Available data —
—————

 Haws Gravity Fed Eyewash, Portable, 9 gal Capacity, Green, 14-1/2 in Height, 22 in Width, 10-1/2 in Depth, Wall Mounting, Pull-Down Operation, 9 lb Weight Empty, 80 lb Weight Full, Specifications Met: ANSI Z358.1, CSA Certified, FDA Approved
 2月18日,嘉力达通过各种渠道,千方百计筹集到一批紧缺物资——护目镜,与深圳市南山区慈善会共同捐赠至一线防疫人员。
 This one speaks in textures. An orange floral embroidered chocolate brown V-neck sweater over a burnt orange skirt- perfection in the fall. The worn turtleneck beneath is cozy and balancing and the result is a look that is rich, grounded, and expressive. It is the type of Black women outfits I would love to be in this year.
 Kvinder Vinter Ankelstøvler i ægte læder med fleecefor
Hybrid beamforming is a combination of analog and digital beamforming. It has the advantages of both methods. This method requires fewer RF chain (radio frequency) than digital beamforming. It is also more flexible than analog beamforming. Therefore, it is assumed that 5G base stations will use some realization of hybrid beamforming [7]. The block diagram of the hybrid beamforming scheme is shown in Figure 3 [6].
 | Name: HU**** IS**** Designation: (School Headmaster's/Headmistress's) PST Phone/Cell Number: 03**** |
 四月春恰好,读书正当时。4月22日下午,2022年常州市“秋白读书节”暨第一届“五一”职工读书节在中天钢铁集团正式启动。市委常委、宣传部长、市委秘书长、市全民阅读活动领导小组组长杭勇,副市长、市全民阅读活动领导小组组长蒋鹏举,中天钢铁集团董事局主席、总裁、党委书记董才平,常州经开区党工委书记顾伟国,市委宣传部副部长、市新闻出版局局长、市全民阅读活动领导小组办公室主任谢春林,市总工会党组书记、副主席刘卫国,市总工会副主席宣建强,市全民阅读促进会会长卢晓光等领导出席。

—————

Look through the data above and return exactly the lines from the one that contains "This one speaks" to the one that contains "Kvinder Vinter Ankelstøvler", inclusive, with nothing else.

 This one speaks in textures. An orange floral embroidered chocolate brown V-neck sweater over a burnt orange skirt- perfection in the fall. The worn turtleneck beneath is cozy and balancing and the result is a look that is rich, grounded, and expressive. It is the type of Black women outfits I would love to be in this year.
 Kvinder Vinter Ankelstøvler i ægte læder med fleecefor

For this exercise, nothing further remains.